As a kid, most of my exposure to my father and his family involved weekend stays at my grandparents’ home. Whenever we made those trips during football season, our group activities always centered around listening to the Buckeye games on Saturday.
My grandmother was the one with the biggest heart in that house that sat back off Pierce Avenue in North Canton. She was constantly fussing over me and my little brother. We never missed all the attention we were used to with Mom whenever we were with Grandma Holl.
But on those fall Saturday afternoons, Grandma always became a bit distracted once the Philco radio got snapped on. Greg and I learned very early that Grandma was crazy for Ohio State football. Grandpa, Dad and Uncle Phil were huge fans but Grandma lived and died with the Buckeyes. Once, every game, Grandpa would offer some sort of explanation for his wife’s behavior by telling us, “not only does your Grandma love football, but she understands football!”
Grandma or Coach Woody Hayes lit the spark sometime early but late in 1969 I began to feel an intense dislike for anything colored maize and blue. Over the next years that animosity only seemed to grow deeper and spread wider as each season Ohio State vs. Michigan always ended up as the most important game. By the end of the 70’s, it had gotten so bad there was nothing pleasant I could say about anything to do with ‘that state up north’.
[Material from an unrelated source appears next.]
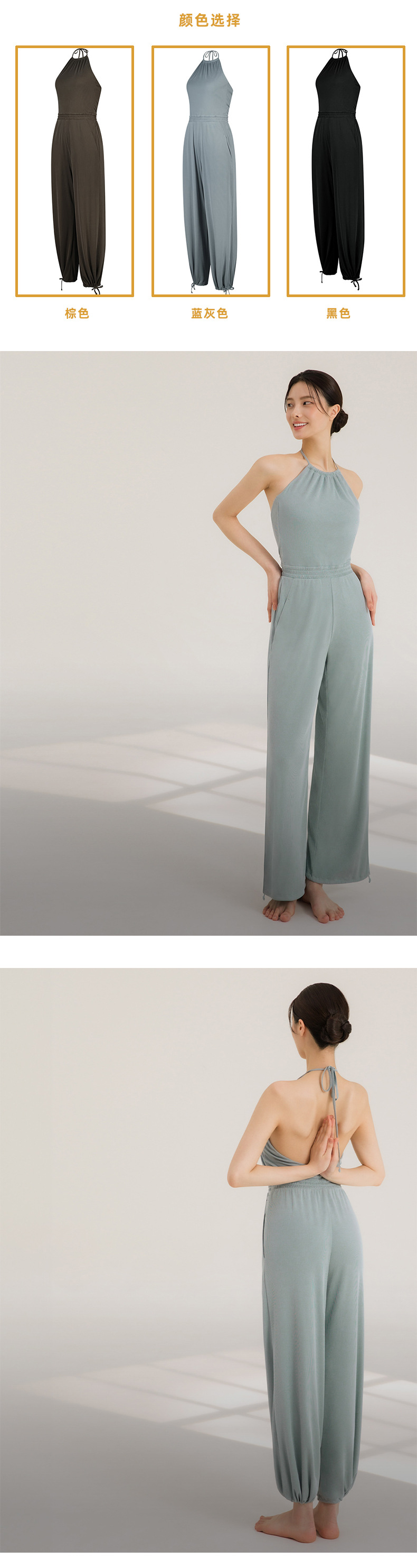 새로운 우아한 교수형 목 스트랩 섹시한 백리스 세트 요가 세트 넓은 다리 게으른 한국 필라테스 세트스토어 가기
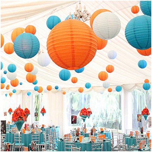 Tmade, lanterne di carta colorate per feste di compleanno, baby shower, matrimoni, feste in giardino o semplicemente per decorare casa, 12 pezzi, misure 10,2 cm, 15,2 cm, 20,3 cm, 25,4 cm, 30,5 cm, Carta, Blue 12PCS Lanterns, 12 inch(30cm)

Grandma passed. Then so did Coach Hayes. My wife’s best friend moved to Lansing and we had to make a couple of trips up there. All the green and white in that part of the state kept my mind off the fact that we were behind enemy lines. You could buy anything at Meijer’s Thrifty Acres. Going up and coming back I always took the long way around Ann Arbor.
There was one remaining CAREBIKE in the shop. A mom near Detroit began a calling to see if the bike was right for her son and their family. We were talking back and forth, moving toward completing the sale, when she added that her son saw doctors and therapists at the U of M medical center. An instinctive shudder went through me when I heard those words. I don’t think Mom detected any change in my voice or manner.
I loaded the CAREBIKE in the back of my van and headed up north to make the delivery. Crossing the northeast border of Ohio, I noticed the interstate signs took on an odd shape. Near Detroit, exit signs spelled out ‘Eight Mile Road’, ‘Six Mile Road’ and I chuckled and wondered who was in charge with coming up with such clever street names.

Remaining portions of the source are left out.